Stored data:
►

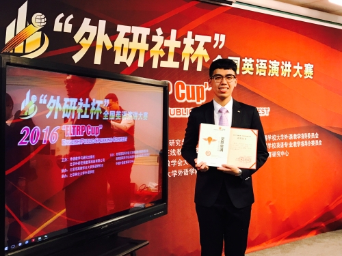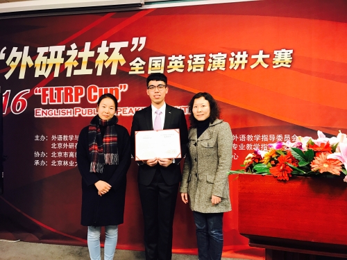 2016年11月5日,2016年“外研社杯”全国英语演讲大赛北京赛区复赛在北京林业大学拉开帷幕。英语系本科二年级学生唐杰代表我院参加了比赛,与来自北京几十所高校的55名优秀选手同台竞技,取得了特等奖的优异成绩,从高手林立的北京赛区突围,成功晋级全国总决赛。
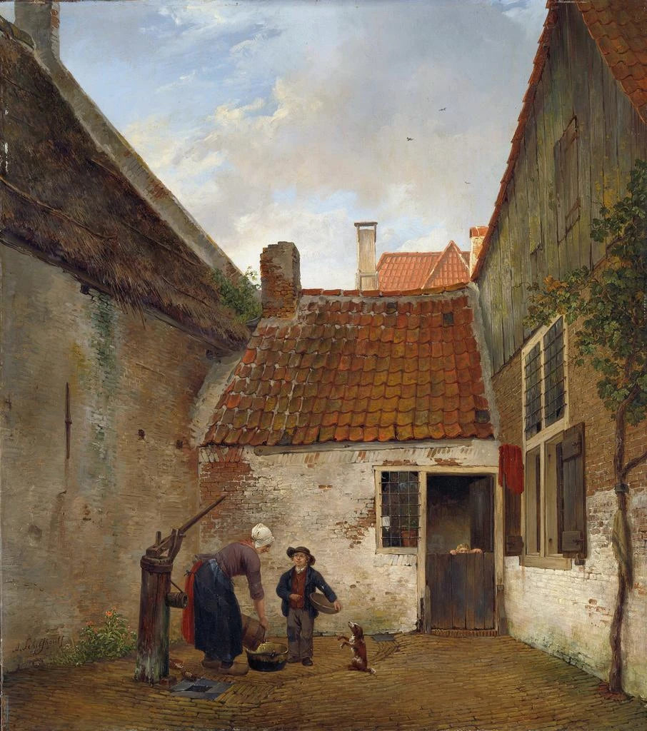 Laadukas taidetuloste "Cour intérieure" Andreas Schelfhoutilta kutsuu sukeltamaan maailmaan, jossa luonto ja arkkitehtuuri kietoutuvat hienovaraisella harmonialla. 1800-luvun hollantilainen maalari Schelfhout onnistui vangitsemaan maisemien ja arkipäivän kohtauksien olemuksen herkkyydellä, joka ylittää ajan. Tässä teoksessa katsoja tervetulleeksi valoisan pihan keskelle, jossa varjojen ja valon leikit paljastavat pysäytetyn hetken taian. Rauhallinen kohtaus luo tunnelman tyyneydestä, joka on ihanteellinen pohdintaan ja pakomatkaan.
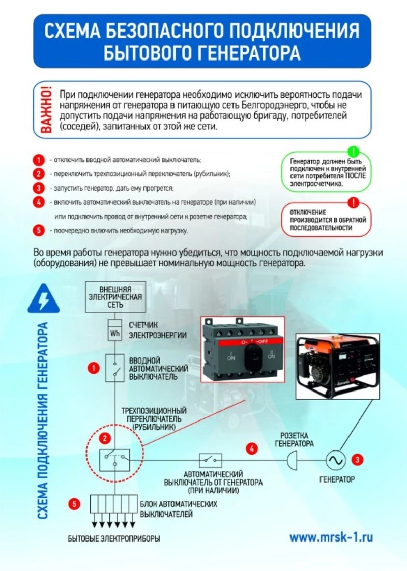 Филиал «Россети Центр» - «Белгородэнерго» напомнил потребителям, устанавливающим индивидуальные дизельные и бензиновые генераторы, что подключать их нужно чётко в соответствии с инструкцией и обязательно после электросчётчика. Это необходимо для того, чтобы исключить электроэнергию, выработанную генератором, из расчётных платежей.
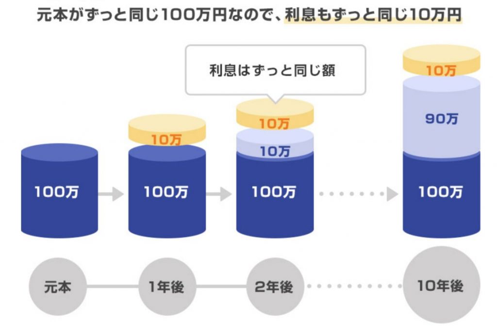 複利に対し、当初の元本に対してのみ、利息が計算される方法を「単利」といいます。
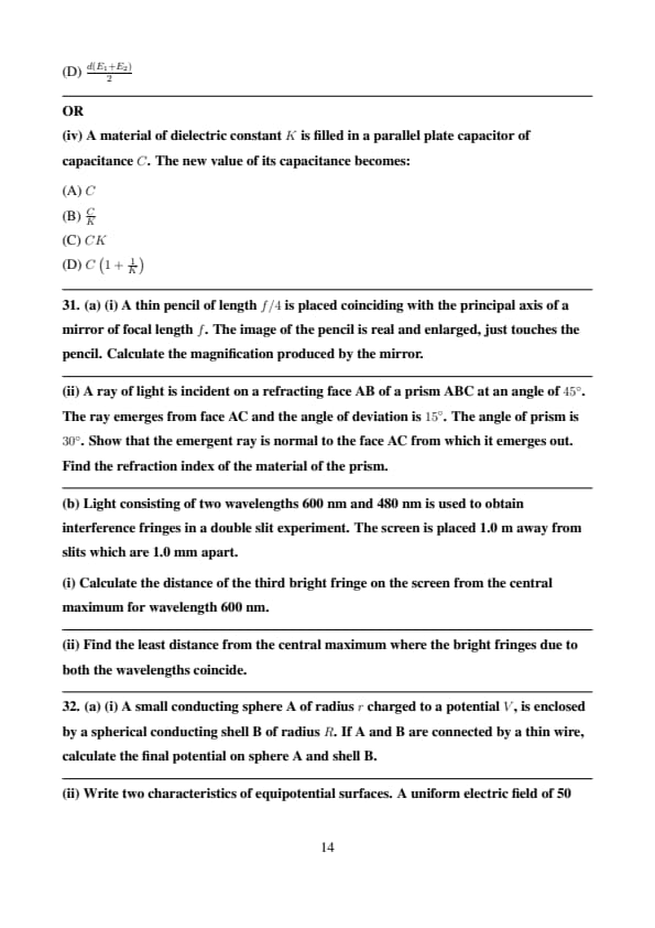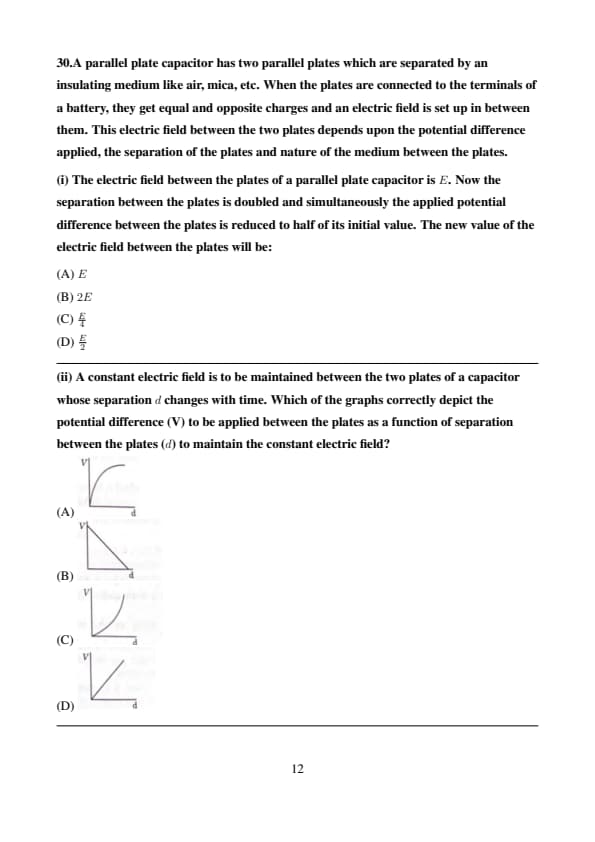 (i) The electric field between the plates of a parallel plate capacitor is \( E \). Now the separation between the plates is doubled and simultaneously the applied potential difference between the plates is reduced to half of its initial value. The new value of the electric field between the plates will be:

◄

■ TASK ITEM
Leaving out all pictures, print exactly the lines above from the one containing "pohdintaan ja pakomatkaan." through the last line of the entries.

■ ANSWER BELOW
 Laadukas taidetuloste "Cour intérieure" Andreas Schelfhoutilta kutsuu sukeltamaan maailmaan, jossa luonto ja arkkitehtuuri kietoutuvat hienovaraisella harmonialla. 1800-luvun hollantilainen maalari Schelfhout onnistui vangitsemaan maisemien ja arkipäivän kohtauksien olemuksen herkkyydellä, joka ylittää ajan. Tässä teoksessa katsoja tervetulleeksi valoisan pihan keskelle, jossa varjojen ja valon leikit paljastavat pysäytetyn hetken taian. Rauhallinen kohtaus luo tunnelman tyyneydestä, joka on ihanteellinen pohdintaan ja pakomatkaan.
 Филиал «Россети Центр» - «Белгородэнерго» напомнил потребителям, устанавливающим индивидуальные дизельные и бензиновые генераторы, что подключать их нужно чётко в соответствии с инструкцией и обязательно после электросчётчика. Это необходимо для того, чтобы исключить электроэнергию, выработанную генератором, из расчётных платежей.
 複利に対し、当初の元本に対してのみ、利息が計算される方法を「単利」といいます。
 (i) The electric field between the plates of a parallel plate capacitor is \( E \). Now the separation between the plates is doubled and simultaneously the applied potential difference between the plates is reduced to half of its initial value. The new value of the electric field between the plates will be:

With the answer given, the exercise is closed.